The shift in the Jewish vote could be a one-off, given
the special circumstances of the 2024 election. The Pennsylvania/New York
survey found that four in ten Jewish voters said that the rise of antisemitism
and the October 7 attacks had a “significant impact” on their decision. As we
gain more distance from the event, Jewish voters may return to historical
voting patterns.
That said, there is reason to believe that Republicans
can build on what happened in this election. The campaign that Harris ran
demonstrated how Israel (and even antisemitism) has become a huge wedge issue
for Democrats. She attempted an awkward dance of trying to placate the
progressive and noisy pro-Hamas elements of her party by, on one hand,
lambasting Israeli conduct of the war in Gaza and, on the other, sympathizing
with the “emotion” of the protesters while still trying to portray herself as a
supporter of Israel.

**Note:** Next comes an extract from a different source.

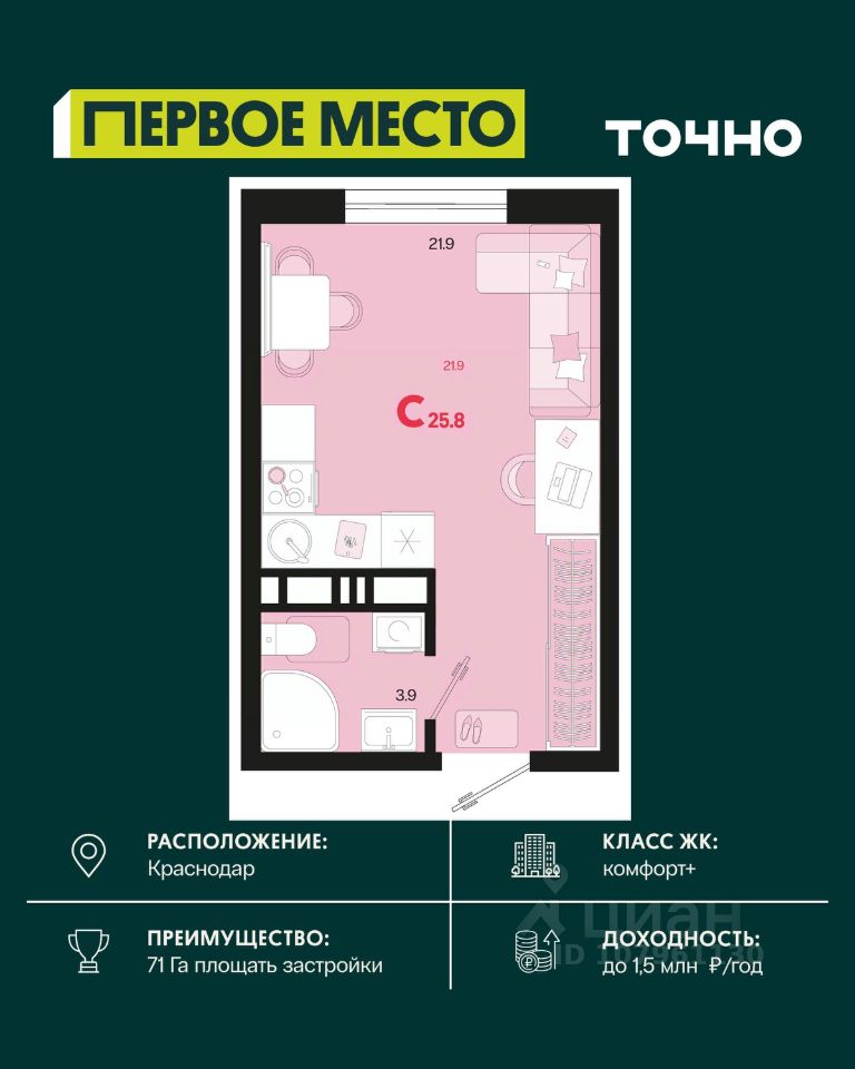 Жилой район ''Первое место''- один из самых масштабных проектов в России. На территории 71 га 18 кварталов, 31 дом переменной этажности от 8 до 18 этажей, собственный парк 9 га, храмовый комплекс, пешеходный бульвар ''Круг семьи'', детские и спортивные площадки, мангальные зоны и различные локации для отдыха. В шаговой доступности действующие муниципальные образовательные учреждения: школа на 1 100 мест и детский сад на 250 мест. Помимо этого, в жилом районе ''Первое место'' построятся школа на 1700 мест с крытым 25-метровым бассейном и 5 детских садов на 1 490 мест. На первых этажах многоуровневых парковок ''паркхабов'' разместится более 61 тыс м2 коммерческих помещений. Жителям будут доступны собственный фитнес-центр, кафе, рестораны и магазины. В каждом подъезде предусмотрены дизайнерские холлы в стиле лобби отелей, консьерж-сервис, лапомойки, отдельные колясочные и велосипедные. Также в домах будут просторные кладовые помещения и комнаты для хранения почты с почтоматами для получения посылок из маркетплейсов.

When desperate, Harris dispatched her husband, Doug
Emhoff, a nonobservant Jew who once had to delete a social media post that
botched the story of Hanukkah, to talk about her brisket recipe and how she
felt her support for Israel in her kishkes, the Yiddish equivalent
of feeling it in her gut. In four years, the issues of Israel and antisemitism
will still divide Democrats.
On the flip side, Trump had no worries about running on
his strong pro-Israel record and on taking a more aggressive approach to
antisemitic protesters (even vowing to deport foreign ones). Not only is the
base of the Republican Party staunchly pro-Israel, but the most prominent
purveyors of antisemitism and anti-Israel narratives (media figures, woke
college students and professors, DEI departments, the U.N. and other
international bodies, urban socialists, etc.) are all, as it happens, nemeses
of the modern GOP coalition.
Trump’s ability to win over more Jewish voters than had
previous GOP candidates was hampered by his frequently taunting Jews who
wouldn’t vote for him despite his record on Israel as ungrateful. In a
September speech to the Israeli-American Council National Summit, Trump went as
far as to warn that if he didn’t win the election, “the Jewish people would
really have a lot to do with that.” There is also his poor judgment that led
him to dine with prominent antisemites Kanye West and Nick Fuentes and to keep Tucker
Carlson in his orbit even as the former Fox host promoted revisionist World War
II narratives that see Adolf Hitler as misunderstood. These unforced errors no
doubt turned off some Jewish voters who might otherwise be open to supporting a
Republican.
That said, Trump’s early national security appointments
signal that the administration wants to continue the policies of his first
term. His choices suggest an eagerness to take a tough line against Iran,
crippling it economically so it cannot fund its terrorist proxies that threaten
Israel and the United States; to remove restrictions on arms sales to Israel
and support its efforts to end the war in Gaza in victory; and to fight the
antisemitism of the United Nations. Trump has also threatened universities that
do not crack down on antisemitism with a loss of federal funds and
accreditation.
If Trump follows through on his promises, the Republican
nominee four years from now will have an opportunity to build on the gains
among Jewish voters by arguing that the Democratic Party is compromised by the
radical Left, and that Republicans are the only ones who can be trusted to keep
Jews secure both at home and abroad.